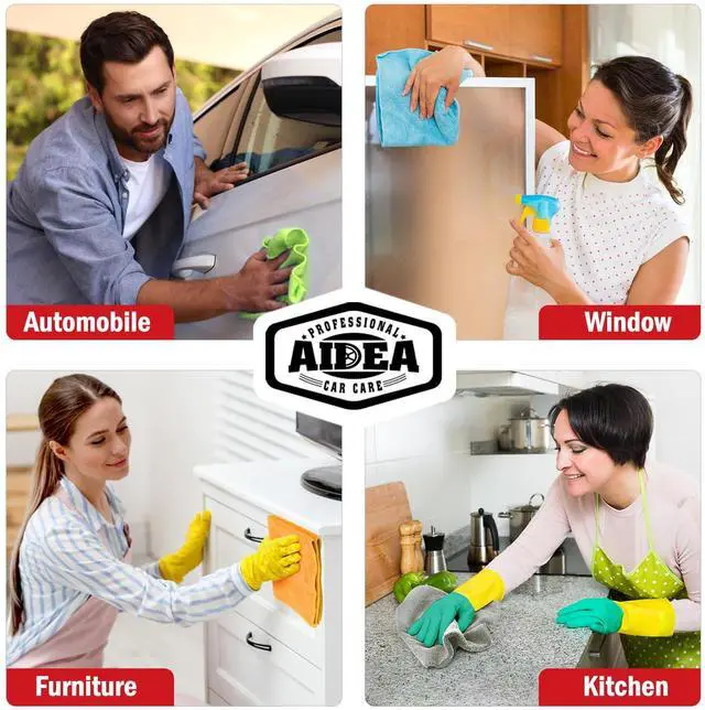 AIDEA soft microfiber cloths are highly absorbent. With a simple one-hand motion, these cloths absorb water faster and more efficiently than cotton, ensuring quick drying. They are safe for all hard surfaces, making them perfect for use in the kitchen, on windows, and for your car cleaning needs.
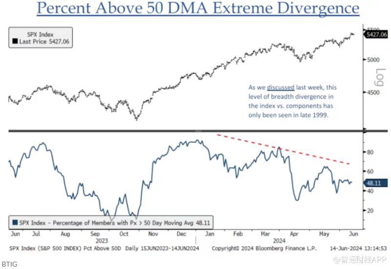 Krinsky指出,这是自1999年12月科技泡沫破灭前几个月以来从未出现过的情况。在过去一年的大部分时间里,美国股市的“糟糕广度”一直是投资专业人士广泛讨论的话题。
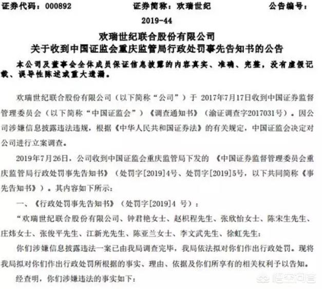 最终重庆证监局决定:拟责令欢瑞世纪改正,给予警告,并处以60万元罚款;对公司实际控制人钟君艳给予警告,并处以30万元罚款;对欢瑞世纪相关董事及时任高管赵枳程、张欣怡、陈宋生、庄炜、张俊平、江新光、陈亚兰、李文武、徐虹给予警告,并分别处以5万元罚款。
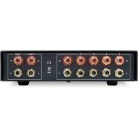 La extensión de entrada para todos aquellos que tienen más fuentes HiFi que entradas en sus amplificadores HiFi. Con el AUX-S PRO tienes la posibilidad de cambiar entre una de hasta cinco fuentes HiFi (p. ej., reproductor de CD, reproductor de DVD, sintonizador, etc.) y uno de hasta dos amplificadores HiFi (p. ej., amplificador estéreo, amplificador envolvente) ​​sin tener que cambiar el cableado. Los interruptores de alta calidad y las conexiones Cinch (RCA) chapadas en oro garantizan una resistencia de contacto muy baja. La robusta carcasa de metal con un macizo frontal de aluminio de 4 mm hace que el AUX-S PRO llame la atención y, por lo tanto, puede colocarse fácilmente junto a otros componentes de alta fidelidad.

» Task details
All of the material above must be retyped exactly, line for line, with the images dropped.

» Output for this task
 AIDEA soft microfiber cloths are highly absorbent. With a simple one-hand motion, these cloths absorb water faster and more efficiently than cotton, ensuring quick drying. They are safe for all hard surfaces, making them perfect for use in the kitchen, on windows, and for your car cleaning needs.
 Krinsky指出,这是自1999年12月科技泡沫破灭前几个月以来从未出现过的情况。在过去一年的大部分时间里,美国股市的“糟糕广度”一直是投资专业人士广泛讨论的话题。
 最终重庆证监局决定:拟责令欢瑞世纪改正,给予警告,并处以60万元罚款;对公司实际控制人钟君艳给予警告,并处以30万元罚款;对欢瑞世纪相关董事及时任高管赵枳程、张欣怡、陈宋生、庄炜、张俊平、江新光、陈亚兰、李文武、徐虹给予警告,并分别处以5万元罚款。
 La extensión de entrada para todos aquellos que tienen más fuentes HiFi que entradas en sus amplificadores HiFi. Con el AUX-S PRO tienes la posibilidad de cambiar entre una de hasta cinco fuentes HiFi (p. ej., reproductor de CD, reproductor de DVD, sintonizador, etc.) y uno de hasta dos amplificadores HiFi (p. ej., amplificador estéreo, amplificador envolvente) ​​sin tener que cambiar el cableado. Los interruptores de alta calidad y las conexiones Cinch (RCA) chapadas en oro garantizan una resistencia de contacto muy baja. La robusta carcasa de metal con un macizo frontal de aluminio de 4 mm hace que el AUX-S PRO llame la atención y, por lo tanto, puede colocarse fácilmente junto a otros componentes de alta fidelidad.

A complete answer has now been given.